E qual será o pedido do Adriano para o Léo que foi necessário por a mão na boca, visto que haviam 85 mil pessoas gritando? Reparem que ele termina a frase com “por favor”. Pode ser um “Ô, meu… na boa, não encosta muito na marcação aqui porque eu acho que você teve uma ereção”. Ou então “Porra, aí…facilita, pô. Cês não precisam de tanta vontade assim”. Quem sabe um… “Ô, moleque. Eu conheço os caras lá do morro, parceiro. Se não aliviar, fica ruim, entendeu?”. Se alguém quiser continuar a lista, fique a vontade.

3 Respostas to “A festa cheia de ninguém”

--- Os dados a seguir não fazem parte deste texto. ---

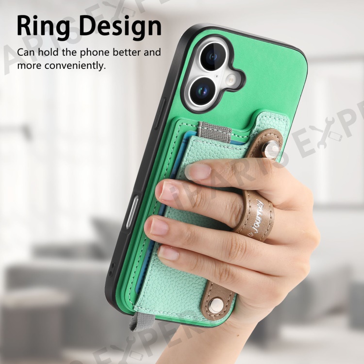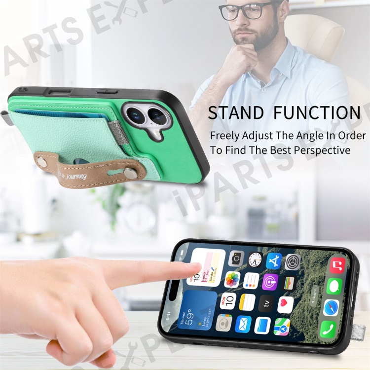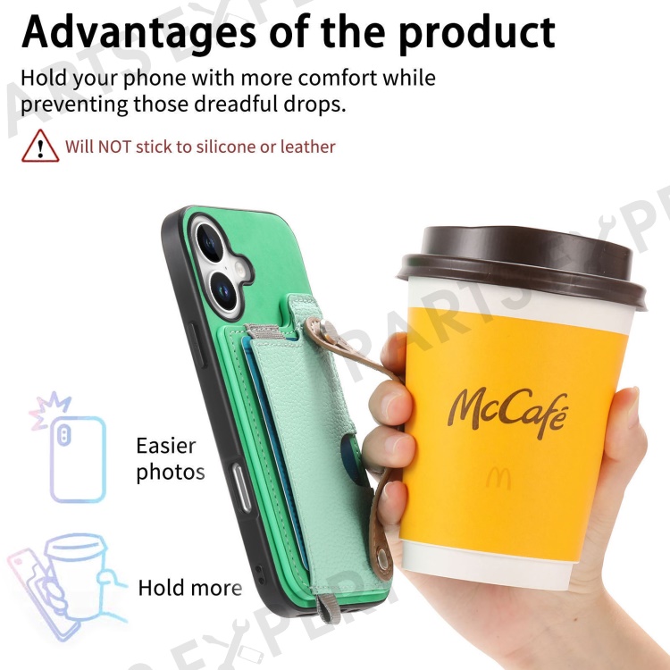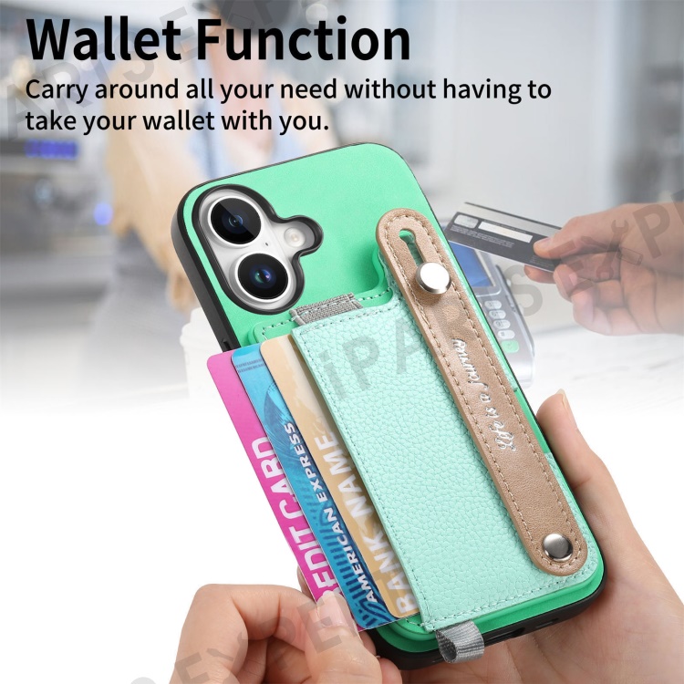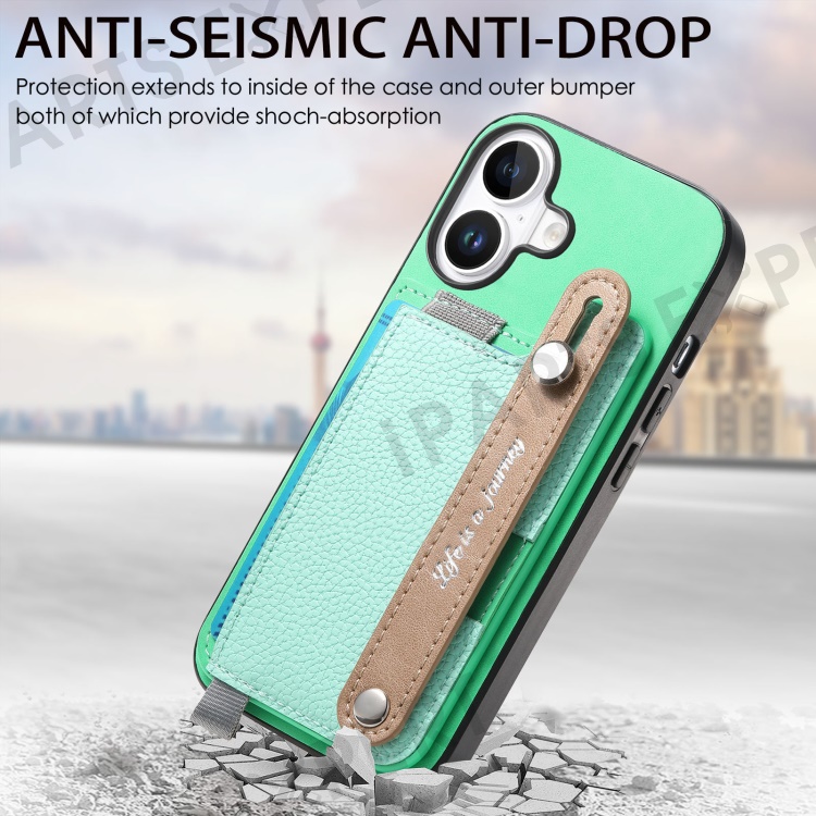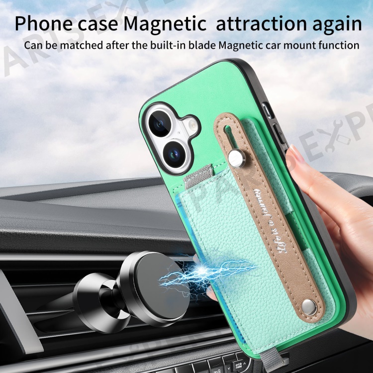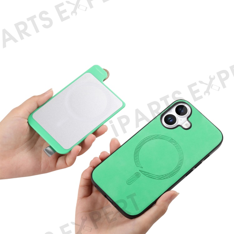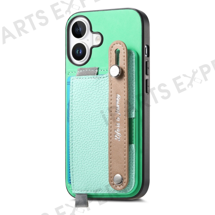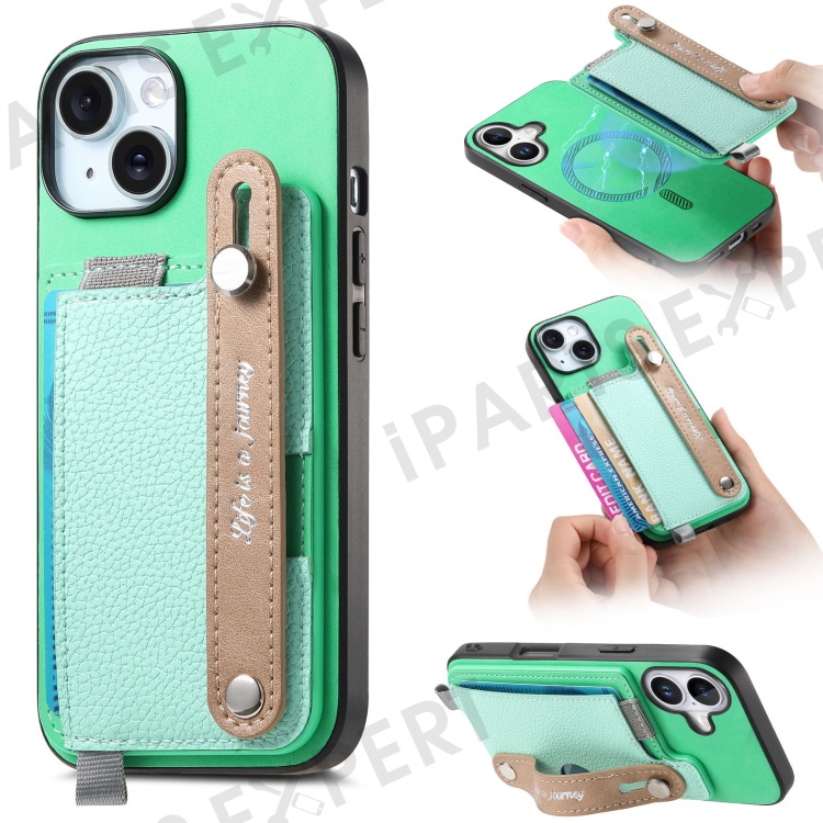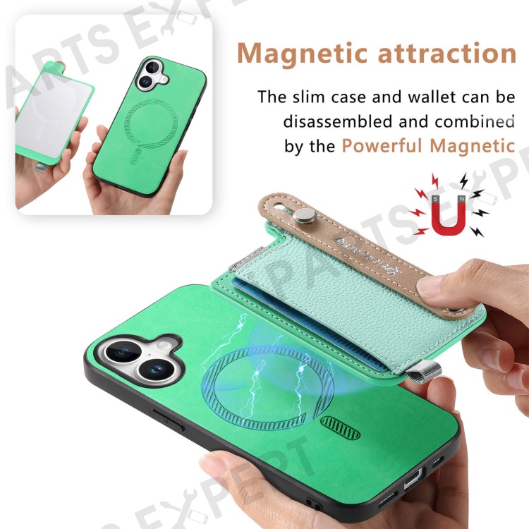 For iPhone 16 Plus Magnetic Leather Back Case with Detachable Card Holder and Wristband - Green

  1. andreizinho andreizinho… teu time perde pro BOTAFOGO DUAS VEZES e tu quer achar a culpa no palheiro do grêmio? o primeiro time a ser campeão do 1º turno e perder a taça dá os parabéns para o segundo. o cavalo paraguaio’09 não aprendeu NADA do ’08. e olha que tava difícil: ano passado fomos superados pelo time burguês do são paulo. esse ano vocês entregaram prum clube que atrasa salários. quanto custava o time do grêmio ano passado? e quanto custava o do inter esse ano? em 2010, montem um time de R$ 8 milhões mensais e talvez ganhem. sem choro!

    e o diálogo do adriano com o léo foi:
    – léo, cêish não tinham dito que iam entregar essa porra, porra?
    – adrhnhm, mh mh mhummunmo?
    – que porra cê disse, léo?
    – adrhmbhm, hmhm mhumundo?
    – tira a mão da boca e fala logo, porra!
    – ADRIANO, CÊ TÁ ME OUVINDO??

  2. andreifonseca Says:

    Estimado, Vini.

    Tu não leu meu post, né? Não acredito que tenha essa opinião depois de lê-lo.